### Supplied entries
----------------

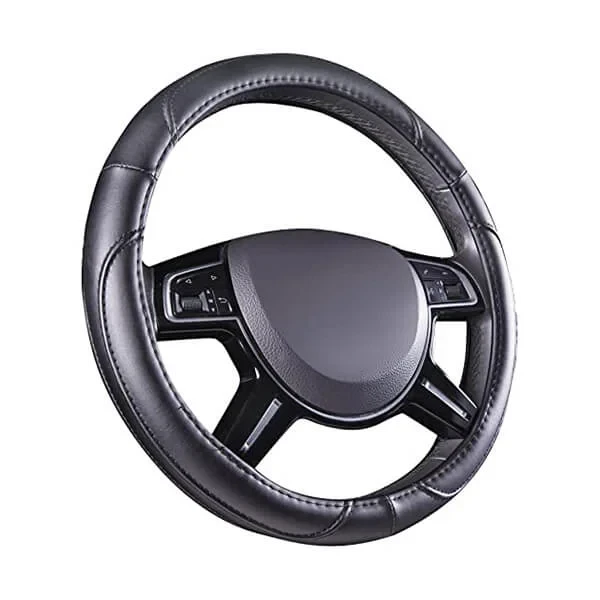 • Leatherette steering wheel cover helps protect the wheel, provides a nice appearance, and offers a more comfortable, secure hold
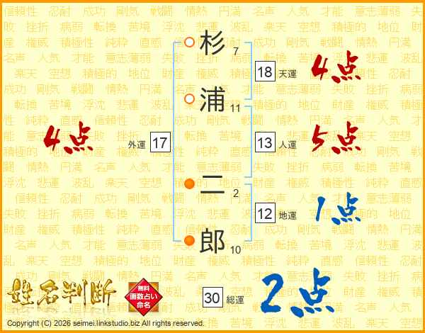 杉浦二郎さんの天運は18画の4点!
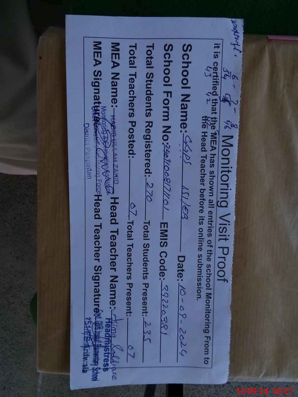| EMIS Code: 39220381 | Name of School: GGPS 151 EB PO DILLOW WALA ARIFWALA | |||
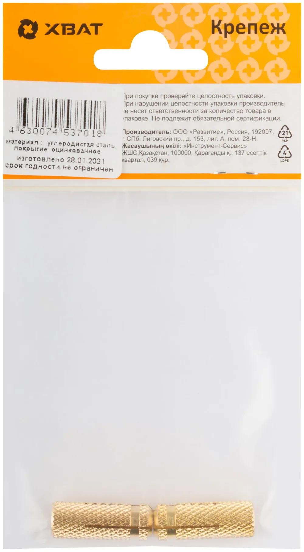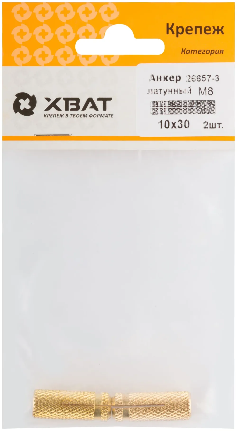 Анкер латунный М8, D 10х30 мм (фасовка 2 10) — крепёжный элемент для монтажа, фиксации и сборки конструкций.
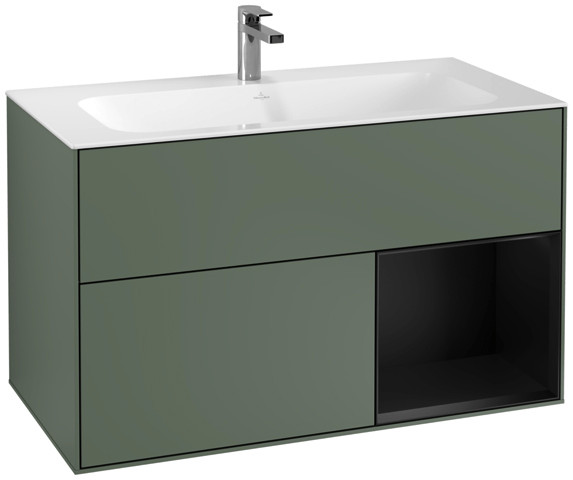 V&B Waschtisch-Unterschrank Finion Regal rechts Black matt lacquer, Olive Matt Lacquer
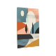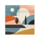 Un paisaje abstracto de desierto con líneas y formas en tonos marrones, naranjas, turquesas, beige, marrón y negro.
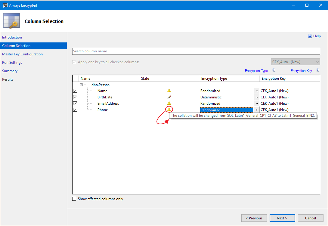 Como identificar quais colunas estão criptografas com Always Encrypted
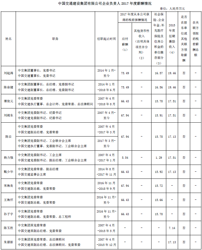 备注:1.上表披露信息为我公司企业负责人2017年度全部应发税前薪酬(不含2017年发放的以往年度薪酬)。其中,第(1)、(4)项由国务院国资委核定。

----------------

### Try it
In the answer, include exactly the lines from the one containing "V&B Waschtisch-Unterschrank Finion" through the end of the records above and no pictures at all.

### Response to this task
 V&B Waschtisch-Unterschrank Finion Regal rechts Black matt lacquer, Olive Matt Lacquer
 Un paisaje abstracto de desierto con líneas y formas en tonos marrones, naranjas, turquesas, beige, marrón y negro.
 Como identificar quais colunas estão criptografas com Always Encrypted
 备注:1.上表披露信息为我公司企业负责人2017年度全部应发税前薪酬(不含2017年发放的以往年度薪酬)。其中,第(1)、(4)项由国务院国资委核定。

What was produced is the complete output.